See https://arxiv.org/abs/1404.0703 for some reading material and one particular way at beyond worst case (i.e., sharing worst case asympotics with the best constant time algorithm, but better performance on non-pathological data (a more precise notion is complicated; there are at least 3 different useful definitions)) runtime performance.

AFAIK the worst cyclical query on a 2-column table is "k-clique counting", from a POV of performance between WCOJ and what Postgres can do (asympotics).

galaxyLogic · on July 30, 2022

It might be just a good way of thinking about it. In practice it might provide some ideas about how to translate between an Object-view and Relational-View.

What I'd like to find is a relational database where field-values can be not just elementary values like numbers and strings but also "object-instances".

I wonder is there such a database? It would seem to offer the best of both worlds, objects, and relations between objects.

ynniv · on July 30, 2022

GemStone is a common one, but object databases are not very common due to the maturity, efficiency, and predictability of relational databases. The deep pipelining and caching models of CPUs are a better match for RDBMs than object ones.

https://en.wikipedia.org/wiki/Gemstone_(database)

galaxyLogic · on July 31, 2022

I understand that Gemstone is an Object-Oriented Database that stores objects and is great at that. But can you query those objects with SQL?

What I'd like to understand is, is there some basic reason why RDBMS and ODBMs must be different databases. Or could their conceptual models of data perhaps be generalized into a single model. Using hyper-graphs perhaps. :-)

nighthawk454 · on July 30, 2022

This might not be quite it, but perhaps you’re looking for graph databases?

galaxyLogic · on July 31, 2022

Can you use SQL with graph databases?

Related to the current topic, do graph databases support hyper-graphs?

nighthawk454 · on July 31, 2022

I don't believe they support SQL. They're somewhat more like pattern-matching on graphs. Most of their query language pages have compare/contrast examples with an equivalent SQL query. e.g. Neo4j's Cypher query language [1], or Apache Tinkerpop Gremlin (seriously) [2] used by Amazon Neptune.

I don't think the most popular ones support hypergraphs, although that sounds cool. I did see HypergraphDB [3] though! Need to read more about that.

[1] https://neo4j.com/developer/cypher/guide-sql-to-cypher/#cyph... [2] https://tinkerpop.apache.org/gremlin.html#:~:text=Host%20Lan... [3] http://hypergraphdb.org/

mnd999 · on July 30, 2022

This can be modelled as a regular graph simply by representing the hyper edge as another node with a set of edges. If those are labelled appropriately to differentiate them from regular nodes, it’s straightforward enough to represent it as a regular graph.

nine_k · on July 30, 2022

Many things can be represented as more complex structures of simpler things.

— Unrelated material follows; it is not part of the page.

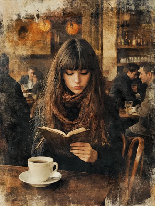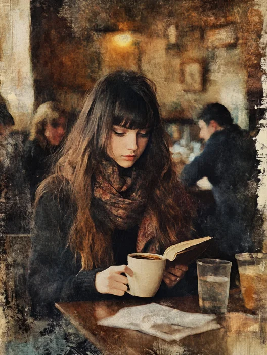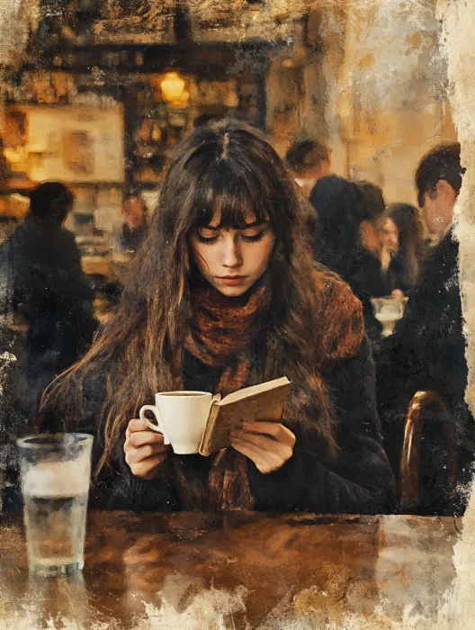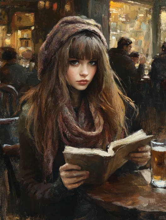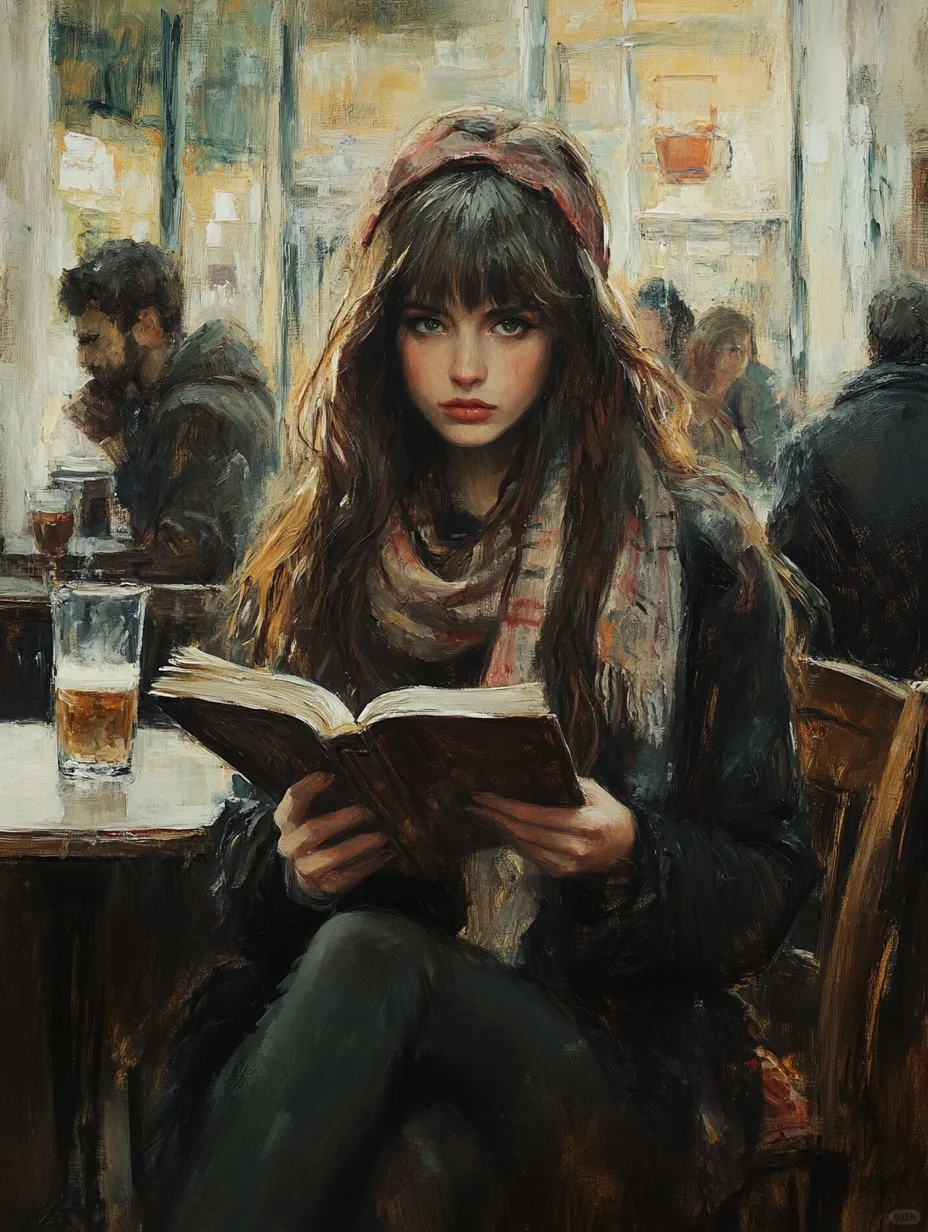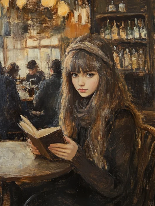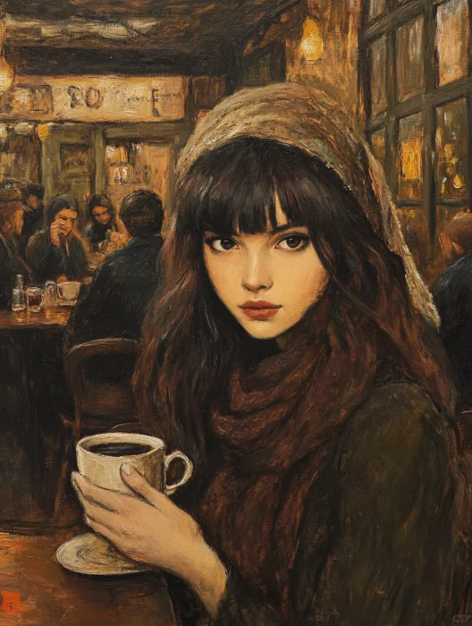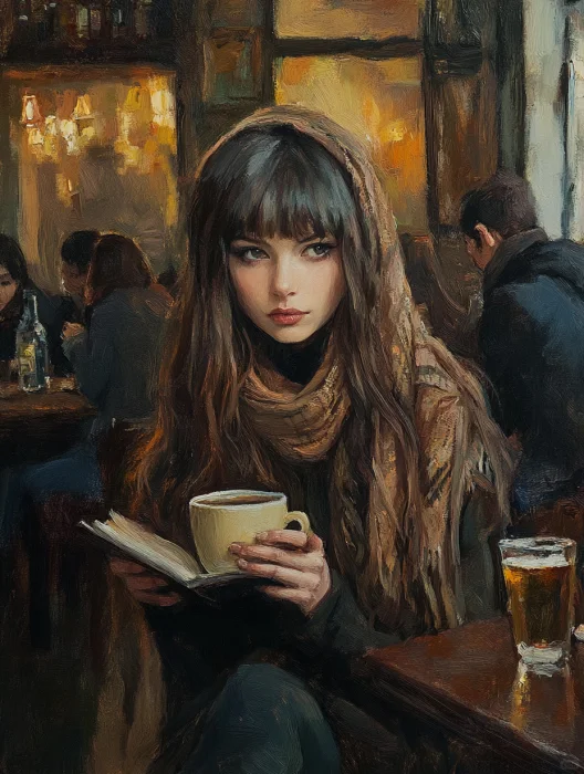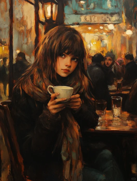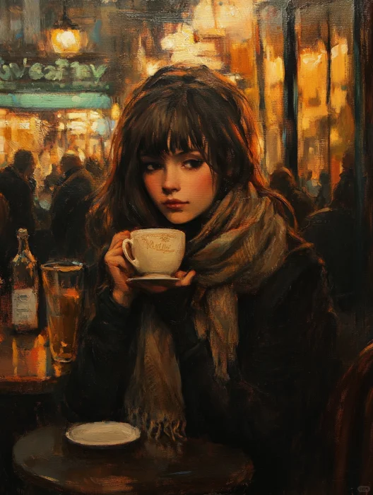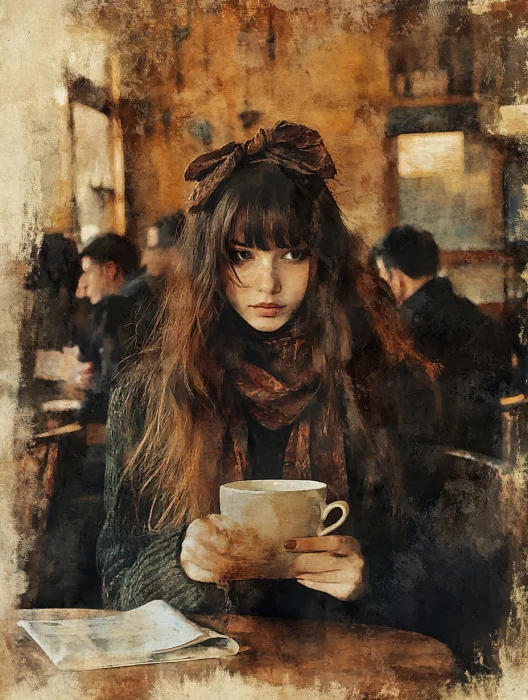 复古油画 | 咖啡店的女孩
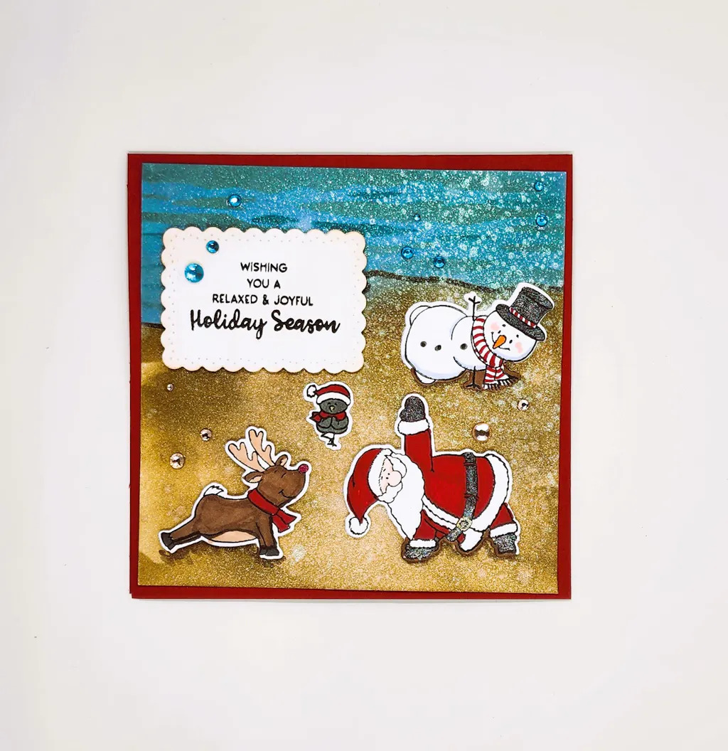 This stencil makes a perfect beach scene--especially when you add shimmer mist to it. The shimmer mist on top of the ink blending really adds the sparkle that sand and water often times have.

It's interesting whether a new formalism allows to express things better, unearth interesting structures not apparent using a more busy formalism, etc.

Compare the Maxwell equations in the wordy original form, and in a highly compact Clifford algebra form.

galaxyLogic · on July 31, 2022

Right but doesn't that mean that in essence you will have two types of nodes in your conceptual model. It is no longer that you have just 'nodes' and 'vertices', you will need to have two different types of nodes, and one type of vertex. The new type of node could be called 'hyper-node' perhaps. Else you lose information.